For DeHarpporte, Laser Classroom’s success vindicates a half-decade of hard work. She began her career in public health, where she worked on HIV prevention, multicultural education and interdisciplinary networking for about a decade. Public health work transformed her understanding of the learning process, reinforcing the importance of experiential learning.
 
“I learned that content is a small piece of education,” she explains. “What’s really important...is connecting the content to something [the student] cares about and wants to act on.”
 
In 2008, DeHarpporte left her public health job and bought her dad’s laser-pointer company. Taking the temperature of its best clients, she realized that the company’s pointers were being used as teaching aids in the classroom—a welcome use.
 
But the pointers were designed for business presentations, not education. So DeHarpporte “developed a new design for a laser that would be easier and more flexible to use in high school and university classrooms,” she says.
 
That design became Laser Blox. The thin, magnetic, stackable lasers are available in three wavelengths: red, green and violet.

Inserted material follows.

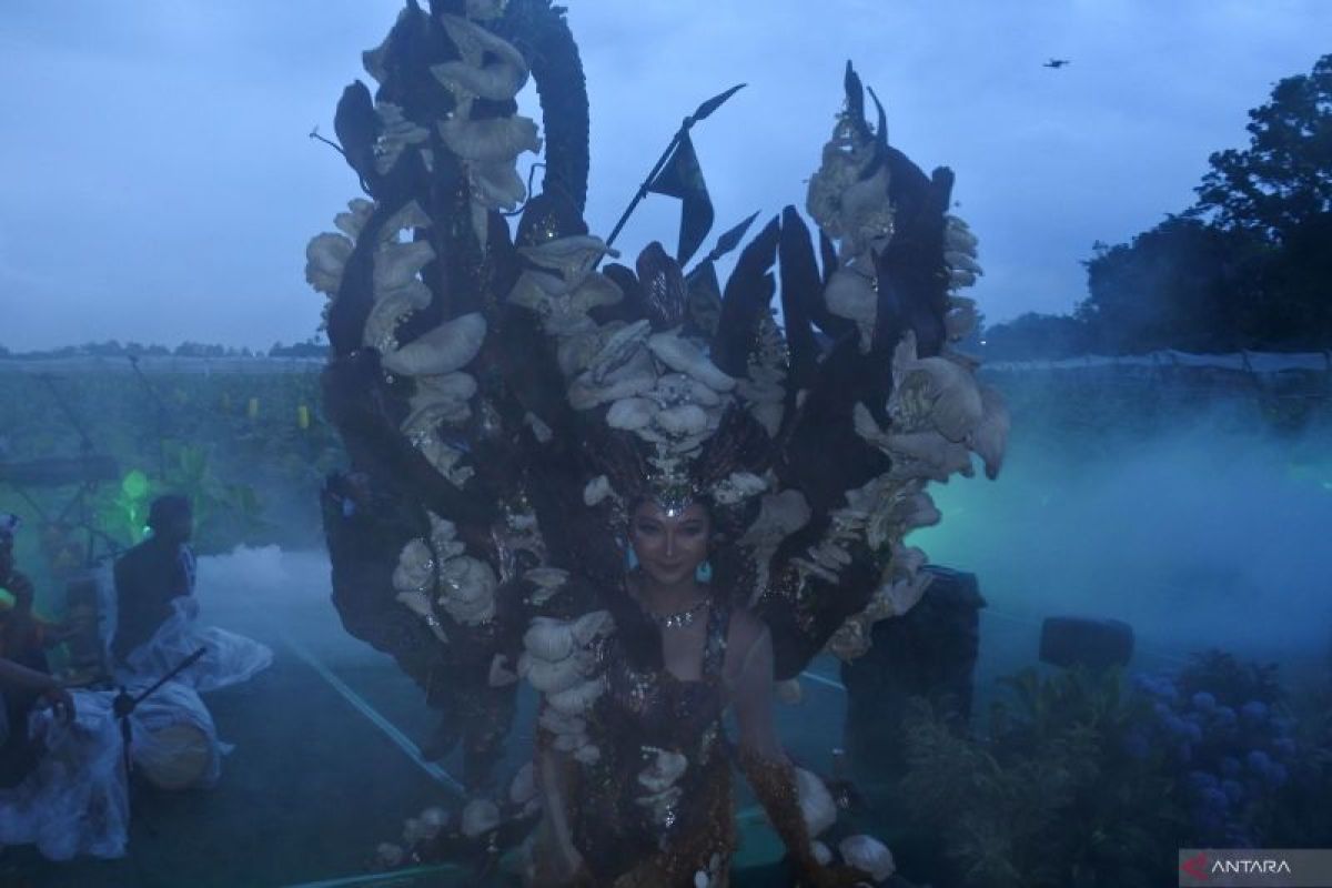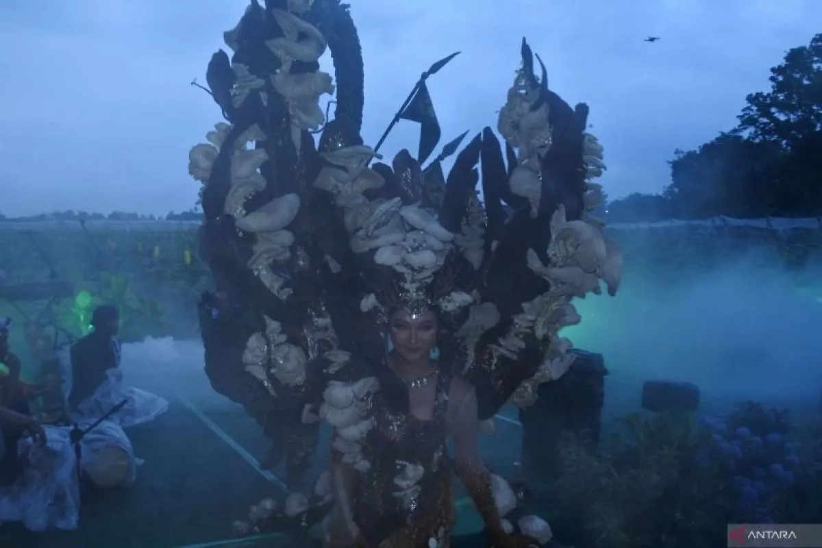 Sejumlah model menampilkan kostum Jember Fashion Carnaval di lahan tembakau dalam Festival Jember Kota Cerutu Indonesia (JKCI) ke-7 di Jember, Jawa Timur, Sabtu (12/7/2025). Festival JKCI digelar dengan mengangkat tema Savoring Tradition, Embracing the Future, untuk menguatkan industri cerutu sebagai identitas Kabupaten Jember. Antara Jatim/Seno/um

Using mirrors, frosted lenses, a diffraction grating and other complementary items, teachers use Laser Blox to illustrate basic photonics concepts, like light’s propensity to travel in a straight line until it hits something, as well as more challenging ideas like refraction and diffraction.
 
Collaborating for classroom relevance
 
DeHarpporte started selling Laser Blox in early 2011, complementing the product with a curriculum of “more than a dozen comprehensive lessons that we give away for free, regardless of whether you buy anything,” she says.
 
“A piece of equipment is only as good as its ability to teach,” she explains.
 
Her innovative flagship product, and its custom and comprehensive curriculum, provide a great foundation for Laser Classroom. But DeHarpporte is smart enough to know her limitations. “I’m neither a classroom teacher nor a laser scientist,” she admits. “I have to learn something every day...and be creative.”
 
Fortunately, she has collaborators—and teachers—who are scientists, or at least engineers: Yvonne Ng, president of Engineer’s Playground, and her husband Troy Pongrantz, principal at Pongrantz Engineering. Pongrantz’s engineering expertise was integral to Laser Blox’s final design. Ng helped DeHarpporte write the initial curriculum, infusing it with challenging but critical concepts illuminated by Laser Blox-centric activities.
 
“Colette liked my approach toward integrating STEM topics—teaching science, engineering, mathematics and technology as a complementary set,” says Ng. “We also share a [desire] to make STEM knowledge and skills, tied to gainful employment, available to all.”
 
“Yvonne’s support and input are extremely valuable to making sure the product is relevant in the classroom,” says DeHarpporte.
 
Creating new opportunities for learning
 
Currently, Pongrantz is helping DeHarpporte design and build a new product, which should be ready for rollout in March 2015. “The device is focused on the use of light and lasers in communications and data transfer,” explains DeHarpporte. “It allows students to create their own message, send it via laser beam to another location, receive the message there and decode it.”
 
The new device is more complicated than either Laser Blox or Light Blox, so building it has been “more of a challenge,” says DeHarpporte. “But the opportunities for teaching and learning are that much greater.”
 
For now, aside from collaborations with Ng and Pongrantz, DeHarpporte remains a one-woman show. She contracts order processing, fulfillment and some finance work to RiverStar, a logistics company in Winona. 
 
But the UNESCO bump for Light Blox, four upcoming conventions (which could net new contracts) and the pending new-product launch have DeHarpporte wondering if it’s time to scale up. “Honestly, I have loads of ideas,” she says.